So the words, Every male opening the womb, etc. (Lc 2,23), must be understood like this. We read in Exodus 13:

Thou shalt set apart all that openeth the womb for the Lord; and all that is first brought forth of thy cattle. Whatsoever thou shalt have of the male sex, thou shalt consecrate to the Lord. (Ex 13,12)

"The first-born of the sons of Levi were offered and not redeemed, and the ever served the Lord. The other first-born were offered and redeemed. The first-born of cattle fit for sacrifice were offerings of the priests. Those of unclean animals were not offered, but they were redeemed- so that the first-born of an ass was exchanged for a sheep, which was offered instead. Some animals were killed and not redeemed, such as the first-born of a dog."2

3. After the days of the purification of Mary were completed. Mary (whose name means ‘enlightened’ or ‘bitter sea’, or ‘sovereign lady’) is any just soul which is enlightened in Baptism, a bitter sea in a contrite heart and afflicted body, and who will be a sovereign lady in the kingdom, when she will be joined to the eternal king. But meanwhile, while she is in this exile, she needs purification because she contracts many stains. So Ecclesiasticus 7 says:

Purify thyself with thy arms, and for thy negligences purify thyself with a few. (Si 7,33)

To purify is to remove all stains and leave only what is pure. Thorough purification is to purify oneself before the judgement ‘with arms’, that is, works of mercy; and to purify oneself from one’s neglect of the commandments ‘with a few’, for there are few who so purify themselves.

Natural History says that doves remove the dung of their chicks from the nest, and purify it; and when the chicks grow up, they teach them to throw out the dung. In the same way, just men purify their own and their subordinates’ uncleannesses, and teach them to cleanse their own. So Jeremiah 9 says:

Teach your daughters wailing, and every one her neighbour mourning.

For death is come up through our windows: it is entered into our houses. (Jr 9,20-21)

This as if to say, mortal sin enters the soul by the bodily senses, but it is cast out by medicine, the lament of penitence. When someone feels himself suffering from sickness, he accepts a purge in order to get better. So Ecclesiasticus 38 says:

The Most High hath created medicines out of the earth:

and a wise man will not abhor them. (Si 38,4)

The earth is the flesh, and the medicine is penance. Some cures are made from the flesh of serpents, and penance, the medicine of the soul, is made from our flesh. However bitter it may be, a prudent man who feels the sickness of sin affecting him will not shrink from drinking it, because by drinking the bitter potion he becomes well again.

It is a great foolishness, to let slip health because of bitterness, and risk death. Proverbs

says:

It is nought, it is nought, saith every buyer:

and when he is gone away, then he will boast. (Pr 20,14)

Every sick person says, The drink shall be bitter to them that drink it (Is 24,9); but when the sickness passes, he will rejoice. So, too, every sinner says that penance is bitter; but when his soul is purged of guilt, he will rejoice in heavenly glory.

4. Let us say, then: After the days of the purification of Mary were completed. The soul which is so purified and cleansed must offer a pair of turtle doves or two young pigeons (Lc 2,24). The ‘pair of turtle-doves’ stand for the two kinds of chastity, and the ‘two young pigeons’ for the two kinds of compunction. Let us look at each of these.
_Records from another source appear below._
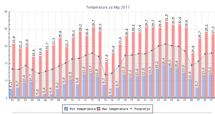 - Maksimalna temperatura : 31.5 °C dne 24 ob 14:50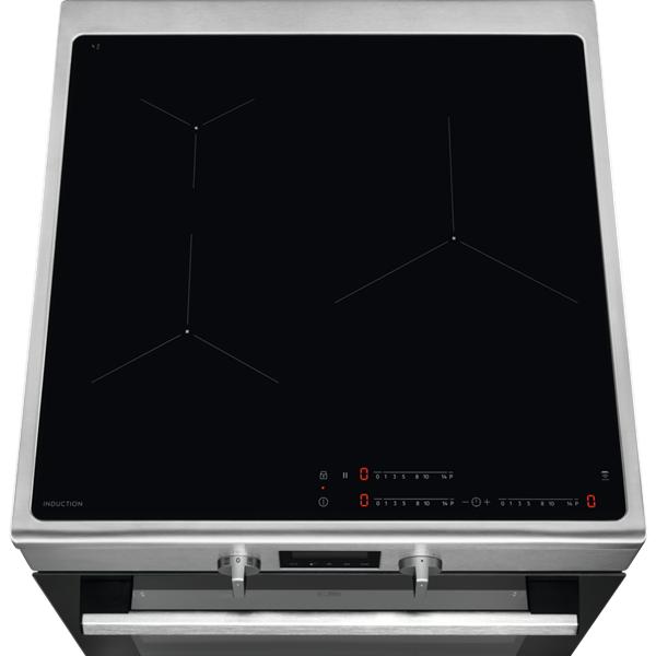 Cuisinière induction Electrolux LKI64890CX inox - Ce modèle 60 x 60 cm associe une table induction performante et un four multifonction SurroundCook® pour cuisiner avec précision au quotidien - La technologie induction chauffe directement le fond des récipients et permet d’obtenir une montée en température rapide ainsi qu’un contrôle immédiat de la puissance pour adapter facilement chaque cuisson - Les commandes sensitives coulissantes offrent un réglage précis et intuitif de la puissance afin d’ajuster la température d’un simple geste pendant la préparation des plats - Les trois zones induction délivrent une puissance élevée pour saisir rapidement les aliments, maintenir une cuisson douce ou préparer plusieurs recettes simultanément - La fonction Stop & Go permet de mettre toutes les zones en maintien au chaud en un instant afin de gérer facilement une interruption pendant la cuisson - Le four multifonction SurroundCook® avec chaleur tournante pulsée assure une diffusion homogène de l’air chaud dans toute la cavité pour cuire uniformément sur plusieurs niveaux - Son grand four XXL de 73 litres offre un espace confortable pour préparer des plats familiaux ou cuire plusieurs préparations en même temps - Les 45 recettes pré-programmées facilitent la réalisation de nombreuses préparations en proposant des réglages adaptés pour gagner du temps en cuisine - L’écran LED tactile permet de contrôler facilement la température, le temps de cuisson et les différents modes du four - Le nettoyage pyrolyse transforme les résidus de cuisson en cendres faciles à essuyer afin de simplifier l’entretien de la cavité - La porte froide et la fermeture douce apportent un confort d’utilisation appréciable au quotidien.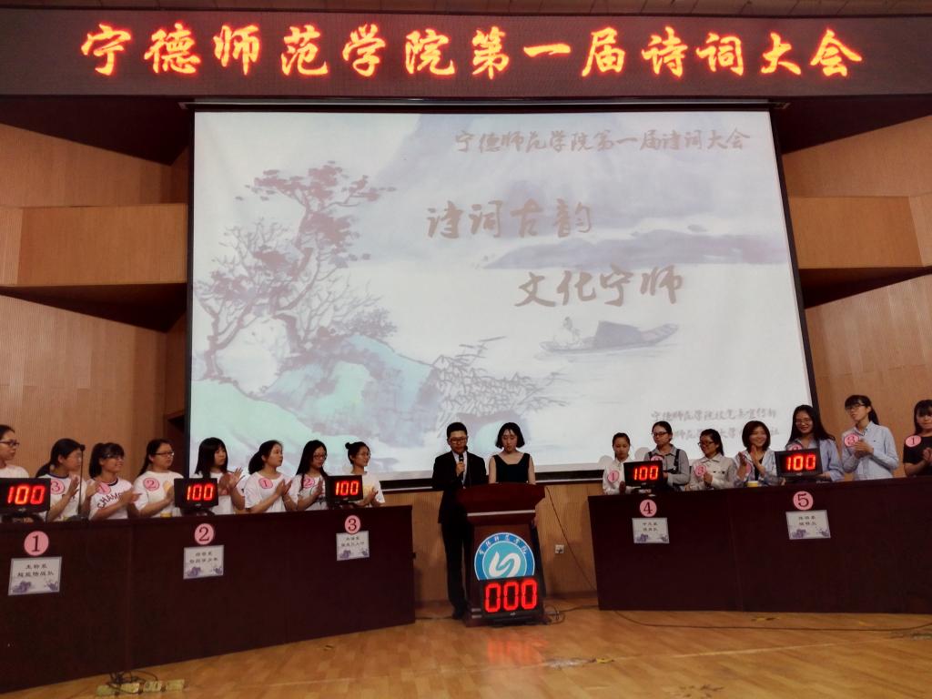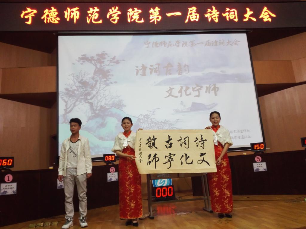 本次诗词大会受到了同学们的广泛关注,来自各系130多名同学报名,经初赛选拔,中文系、经管系、旅游系、生物系、教育系、外语系,6个系代表队进入决赛。决赛环节共分依次答题,抢答题,风险题,飞花令4轮角逐,题目形式多样,内容丰富,全面考察了选手的诗词熟练度。飞花令环节,选手们沉着应答,你一言我一句,反应迅速,令观众惊叹不已。在风险题环节中,“被誉为‘诗狂’的诗人是哪位?”难倒了选手,林文老师现场解读了背后的故事。贺知章被称作“诗狂”是因为“知章性放旷,晚尤纵诞,自号四明狂客”。评委老师解答环节,打开了观众和选手的寻访之门。比赛最后,书法协会的潘皇勇同学挥毫泼墨,现场书写“诗词古韵,文化宁师”为比赛助阵。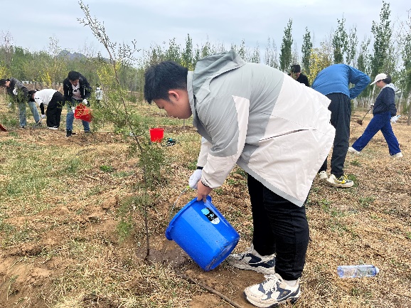 到达义务植树点后,在工作人员的帮助指导下,同学们开始了紧锣密鼓的植树工作。大家拿起自己的树苗,寻找树坑进行种植。我们将树苗埋入土中,用脚踩实泥土,为小树苗浇水。大家看着自己亲手种下的树苗,成就感油然而生,现场互动交流频繁且热烈。看着远处一颗颗茁壮成长的大树,也希望自己的小树苗可以如前人所种之树一样茁壮成长,为大地增添一抹绿色。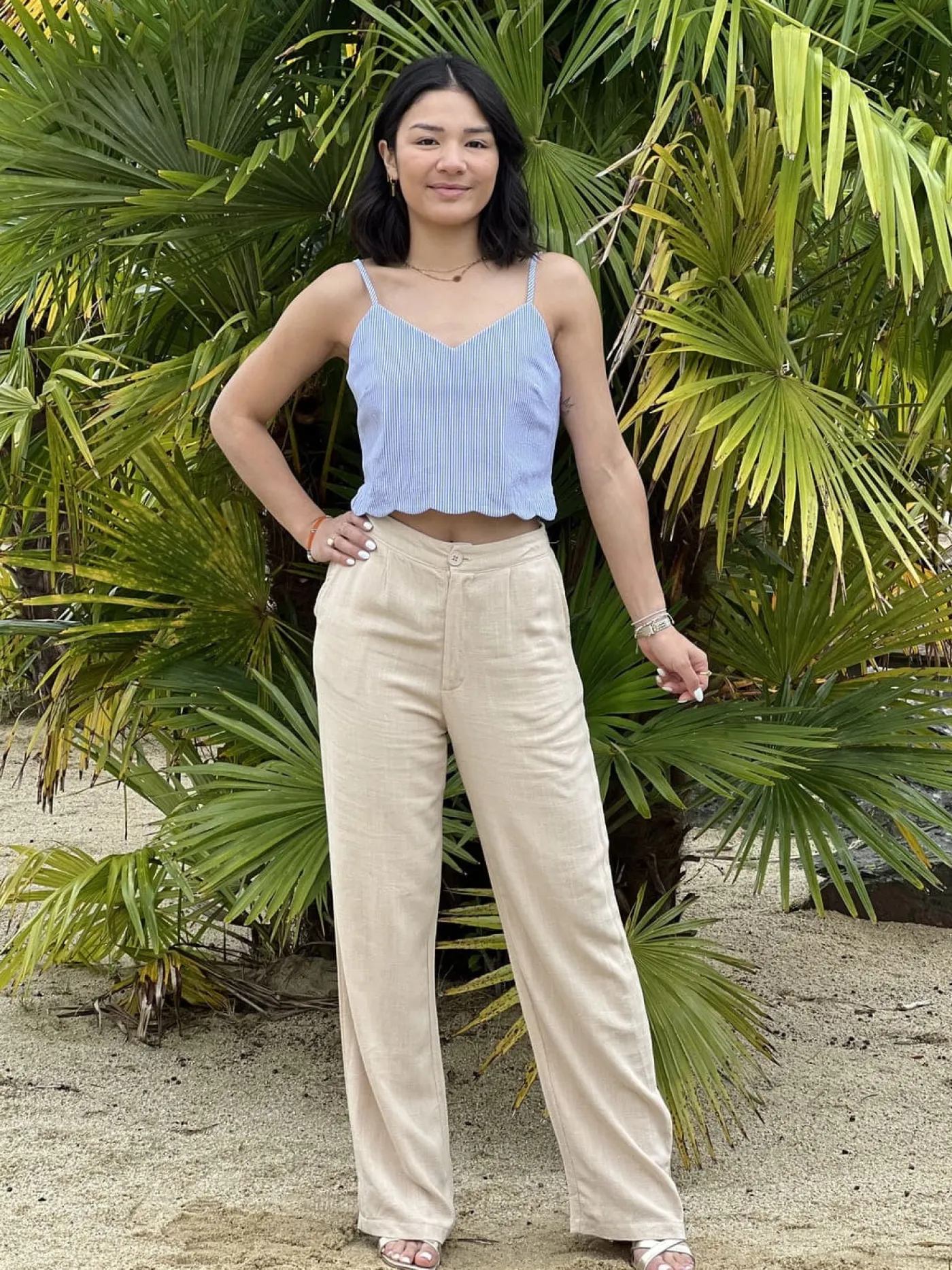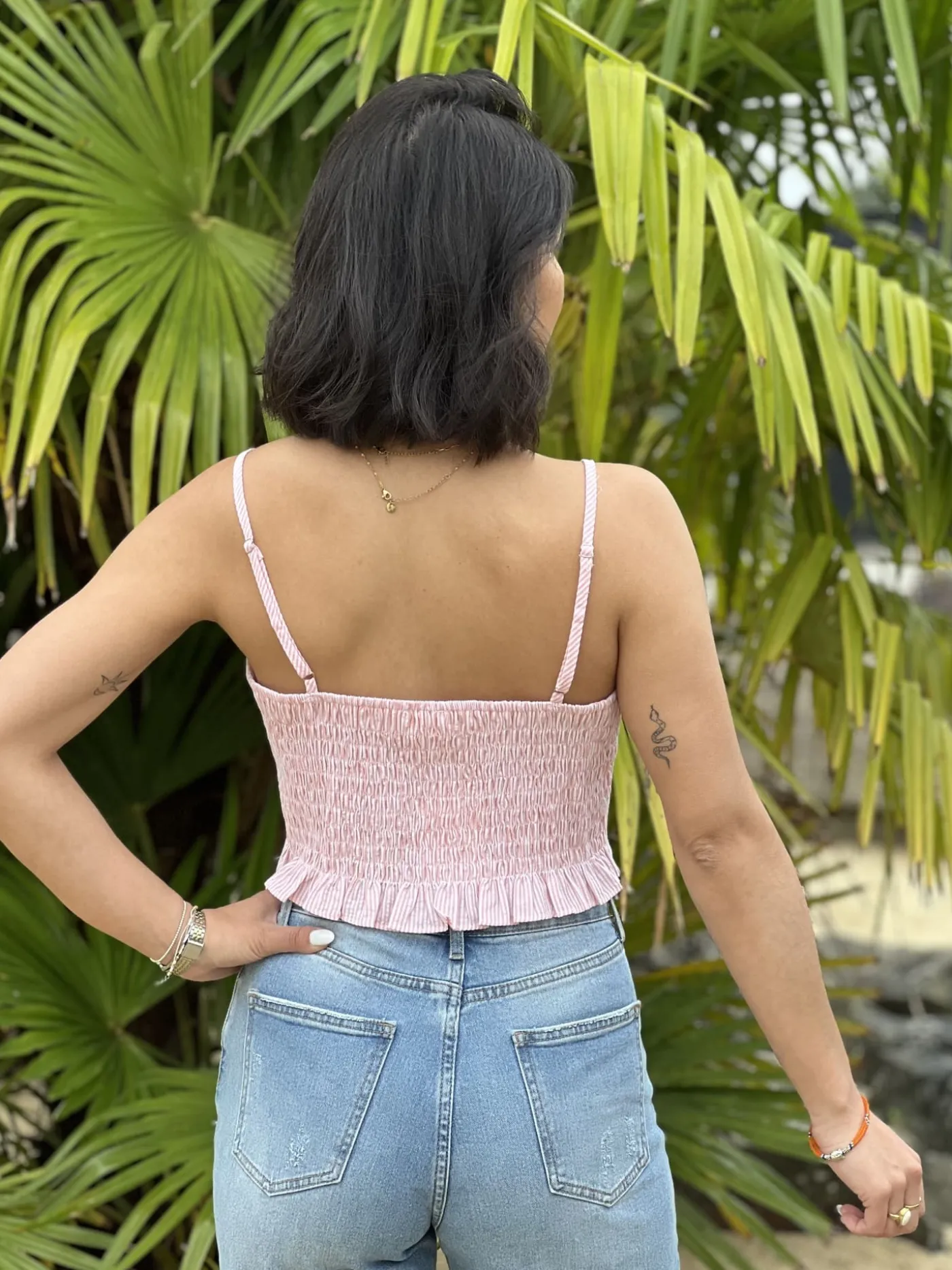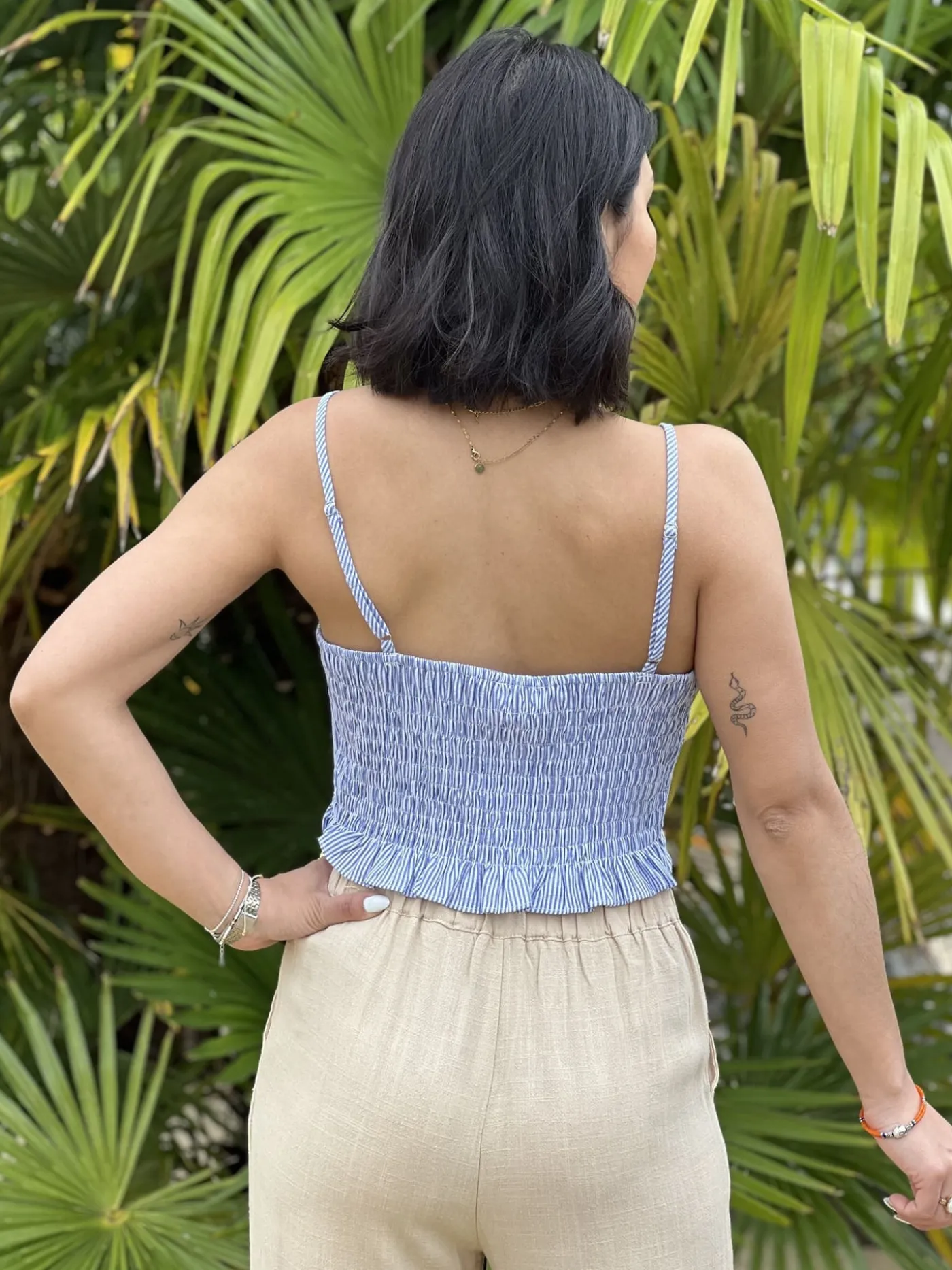 Caraco à fines bretelles col v imprimé rayuresTaille : Mathilde mesure 1m65. Elle porte la taille S/M pour ce modè…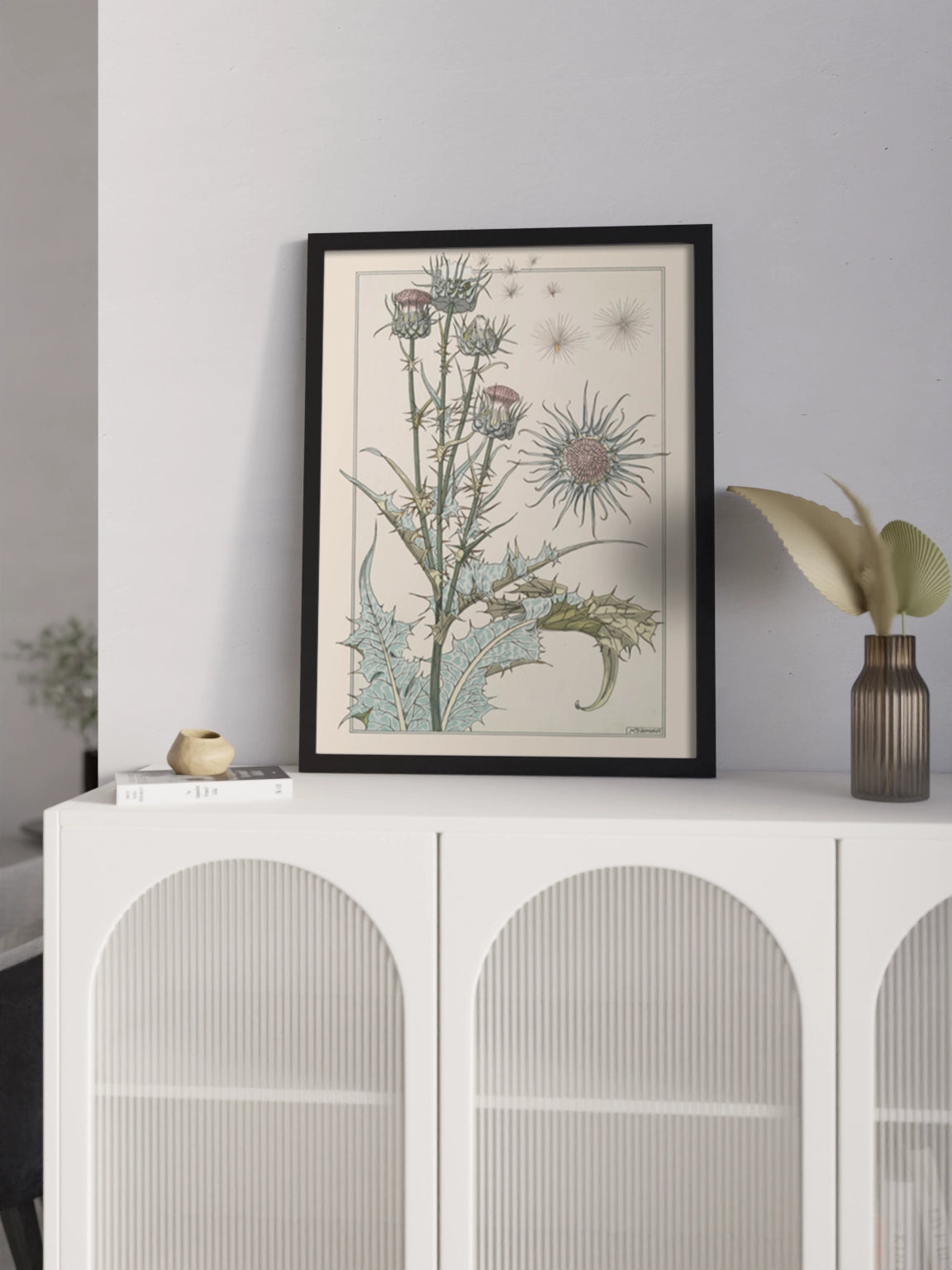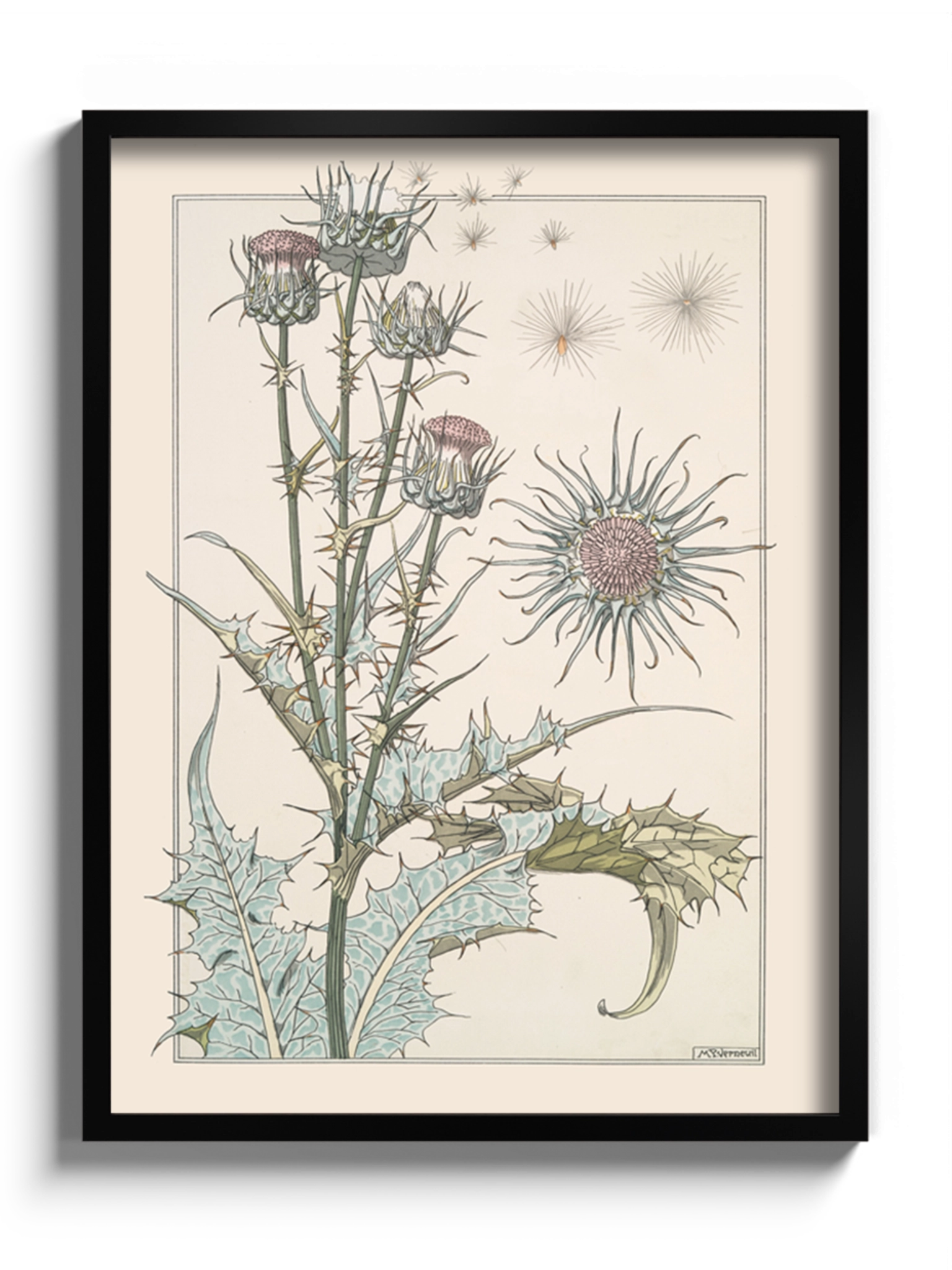 Постер Картина французького митця та декоратора в стилі Арт-нуво Maurice Pillard Verneuil. Зображення з рослинами, друк картин, бежевий колір.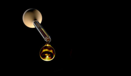 glass dropper with black background and orange liquid
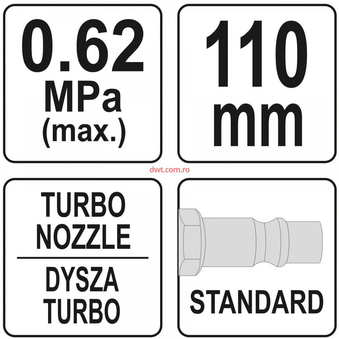 YATO YT-23723 Pistol de suflat cu aer comprimat cu duza turbo Yato YT-23723, 1/4, 6.2 Bar, 110mm |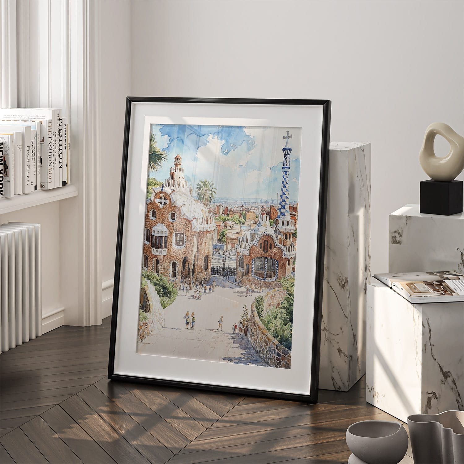 Park Güell Watercolor Art Print – Vibrant Digital Download of Barcelona’s Iconic Landmark

The turtle-dove, from its voice, is deemed a modest bird; if it loses its mate, it does not seek another. It wanders lonely and sighing, and loves solitary places. In the winter it comes down to the valleys, and losing its feathers it lives in hollow tree-trunks. In the summer it goes up the mountains and makes its nest there. In the same way, the penitent who is modest by continence in mind and body should seek the society of no mortal sin; for, as Isaiah 28 says:

The bed is straitened so that one must fall out:

and a short covering cannot cover both. (Is 28,20)

This is as if to say that the conscience of the just man is so constrained by the fear of God, that the devil can find no rest therein; because the saints who, as Job 3 says, curse the day (worldly prosperity), are ready to raise up Leviathan (Jb 3,8). The cloak of divine grace, though it be very wide, always seems short to a man, and it cannot cover both, that is, both husband and adulterer (mortal sin). The just man, while he is in the body, is absent from the Lord (cf. 2Co 5,6); he is deprived of his beloved. So he wanders alone, not mingling with the noisy crowd, sighing and saying:

Lord, all my desire is before thee: and my groaning is not hidden from thee. (Ps 37,10)

He loves solitude of mind and body, saying:

Lo, I have gone far off, flying away, and I abode in the wilderness. (Ps 54,8)

In the winter of our present misery, he loses the feathers of temporalities, and is content with drab clothing; but when the summer of eternal glory arrives, he will fly to the mountains of his heavenly home.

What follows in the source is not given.